Phoroncidia pukeiwa
- Conservation status: Data Deficient (NZ TCS)

Scientific classification
- Domain: Eukaryota
- Kingdom: Animalia
- Phylum: Arthropoda
- Subphylum: Chelicerata
- Class: Arachnida
- Order: Araneae
- Infraorder: Araneomorphae
- Family: Theridiidae
- Genus: Phoroncidia
- Species: P. pukeiwa
- Binomial name: Phoroncidia pukeiwa (Marples, 1955)
- Synonyms: Ulesanis pukeiwa

= Phoroncidia pukeiwa =

- Authority: (Marples, 1955)
- Conservation status: DD
- Synonyms: Ulesanis pukeiwa

Species of spider

Phoroncidia pukeiwa is a species of cobweb spider that is endemic to New Zealand.

==Taxonomy==
This species was described in 1955 by Brian John Marples from male and female specimens.

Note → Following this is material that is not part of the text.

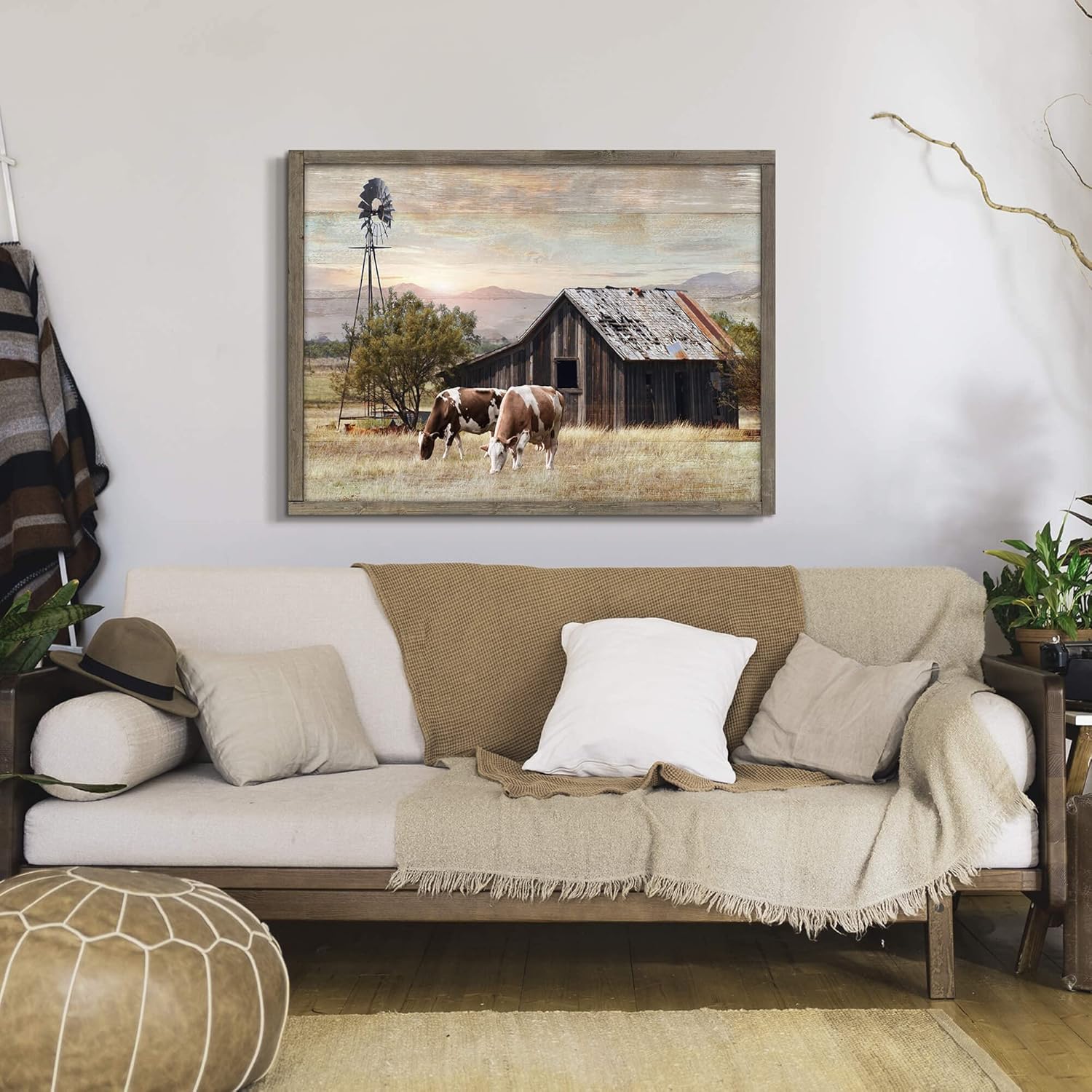 Rustic Wall Decor Barn Framed - Vintage Farmhouse Cow & Windmill Landscape Picture Artwork for Home and Kitchen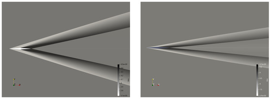 Here is the diameter of , and is the polynomial degree of approximation. The parameters and can be used to tune the shock-capturing term. In the present work, we set . The term (20) can be added to the semilinear form (17) to provide nonlinear stabilization. This approach is somewhat generic in the sense that it is not especially tuned to the physical model under consideration. It has proven successful for transonic and supersonic external aerodynamics. Below we show that the range of application extends to moderately hypersonic flow conditions, not exceeding . For higher Mach numbers more carefully tuned shock capturing may become necessary [30].

It was moved to the Phoroncidia genus in 1983. The holotype is stored in Otago Museum.

==Description==
The male is recorded at 1.64mm in length whereas the female is 2.12mm.

==Distribution==
This species is only known from Otago, New Zealand.

==Conservation status==
Under the New Zealand Threat Classification System, this species is listed as "Data Deficient" with the qualifiers of "Data Poor: Size" and "Data Poor: Trend".